A escravidão guarda relação íntima com o surgimento das punições privativas de liberdade e das penitenciárias. Explorar essas conexões pode ser crucial para a definição de uma possível reforma prisional e de políticas públicas de combate à miséria e encarceramento, tendo em vista que a as penitenciárias são instituições racistas desde sua idealização.

É inegável que, de fato, as penitenciarias representaram um enorme avanço em relação a outros meios de punição cruéis. A ideia de que os prisioneiros se regenerariam se tivessem oportunidade de refletir e trabalhar na solidão do cárcere desconsiderou, entretanto, ‘’o impacto de regimes autoritários de vida e trabalho’’19 na sociedade. Uma análise histórica dessas prisões apresenta muitas semelhanças com a escravidão.
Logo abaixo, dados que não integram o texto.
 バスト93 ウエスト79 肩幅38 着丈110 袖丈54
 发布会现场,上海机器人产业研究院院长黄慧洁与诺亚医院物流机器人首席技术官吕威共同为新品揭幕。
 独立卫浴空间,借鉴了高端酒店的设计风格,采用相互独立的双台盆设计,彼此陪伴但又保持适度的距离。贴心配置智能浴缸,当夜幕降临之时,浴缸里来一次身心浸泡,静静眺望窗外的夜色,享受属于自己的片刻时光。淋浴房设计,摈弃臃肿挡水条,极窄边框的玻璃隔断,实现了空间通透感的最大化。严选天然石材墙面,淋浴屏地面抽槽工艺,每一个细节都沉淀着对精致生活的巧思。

Nesse contexto o historiador Adam Jay Hirsch fez suas considerações:

Ambas as instituições subordinavam seus sujeitos à vontade de outras pessoas. Como os escravos do Sul, os detentos nas prisões seguiam uma rotina diária especificada pelos seus superiores. Ambas as instituições reduziam seus sujeitos à dependência de outras pessoas para o fornecimento de serviços humanos básicos como comida e abrigo. Ambas isolavam seus sujeitos da população em geral ao confiná-los em um habitat fixo. E ambas com frequência obrigavam seus sujeitos a trabalhar, muitas vezes por longos períodos e por compensações menores do que as dos trabalhadores livres.20

Angela Davis, no mesmo sentido afirma que: ‘’conforme o sistema penal foi se tornando um sistema de servidão penal, as punições associadas à escravidão foram ainda mais incorporadas ao sistema penal.’’21. Dessa forma, as chibatadas, emblema da escravidão, foram

anexadas aos castigos físicos dentro dos muros dos presídios. Além disso, os regulamentos internos desses estabelecimentos eram muito próximos dos Códigos Negros, responsáveis por perpetuar o regime segregacionista em território americano, mesmo após a abolição da escravatura.
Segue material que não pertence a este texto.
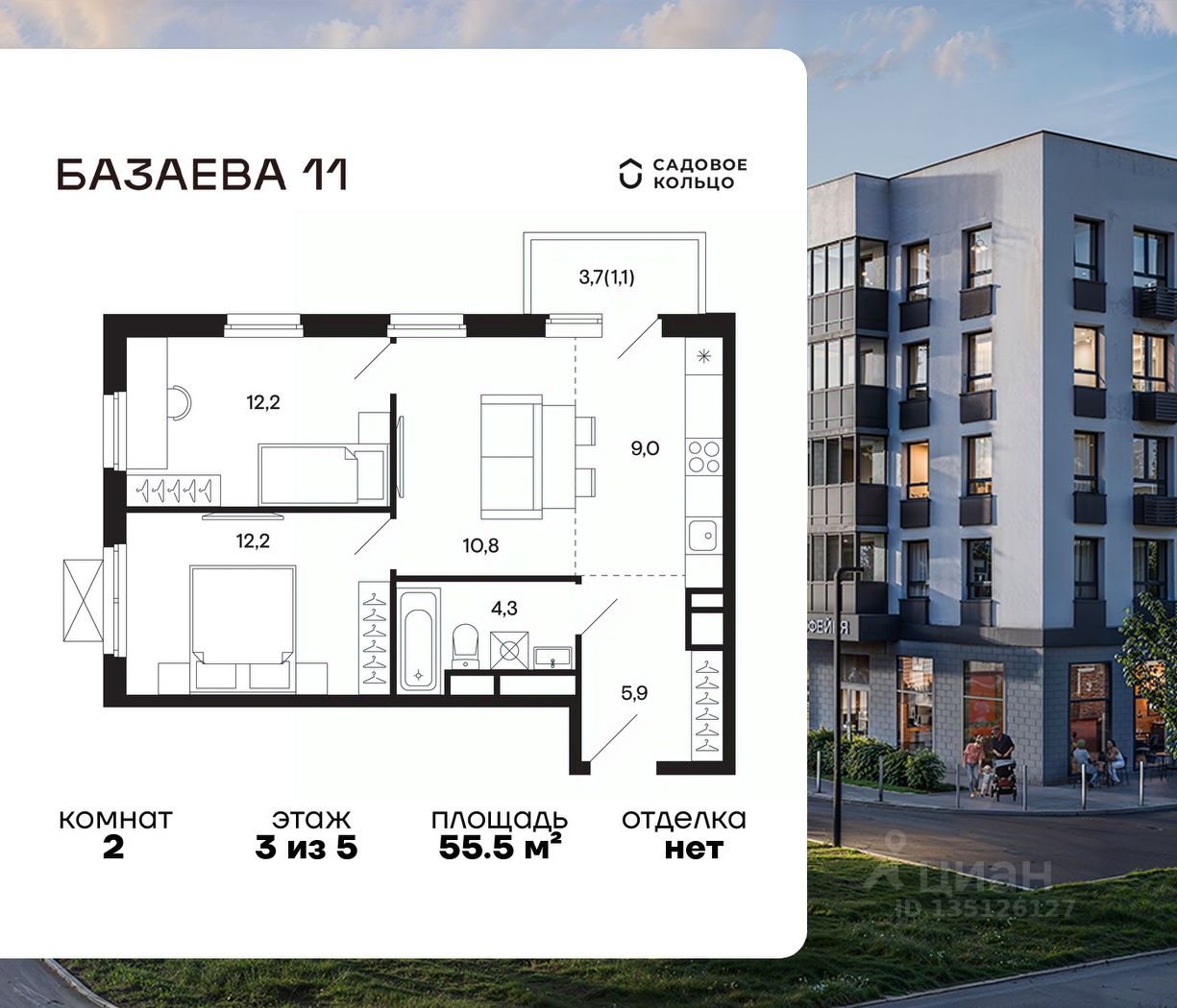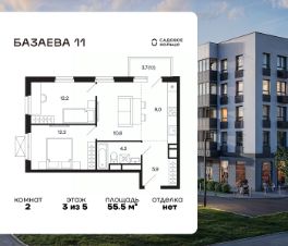 Продается квартира в ЖК "Базаева, 11" с 2 спальнями на 3 этаже 5 этажного дома. Общая площадь: 55.5 кв.м. Высота потолков 2.72 м. Срок сдачи 2 квартал 2027 г. Эскроу-счет. Застройщик ГК "Садовое кольцо".

A raça passou a desempenhar um papel central nas noções de presunção de criminalidade. Os Códigos Negros citados acima, que nada mais eram do que os Código Escravagistas com algumas alterações, visavam regular o comportamento de negros livres.

18 DAVIS, Angela. Estarão as prisões obsoletas? 1ª edição. Rio de Janeiro, 2018. Editora Difel, pag. 25. 19 DAVIS, Angela. Ibidem. pag. 28.

20 HIRSCH, Adam Jay. The Rise of the Penitentiary: Prisons and Punishment in Early America. New Haven/London: Yale University Press, 1992, pag. 71.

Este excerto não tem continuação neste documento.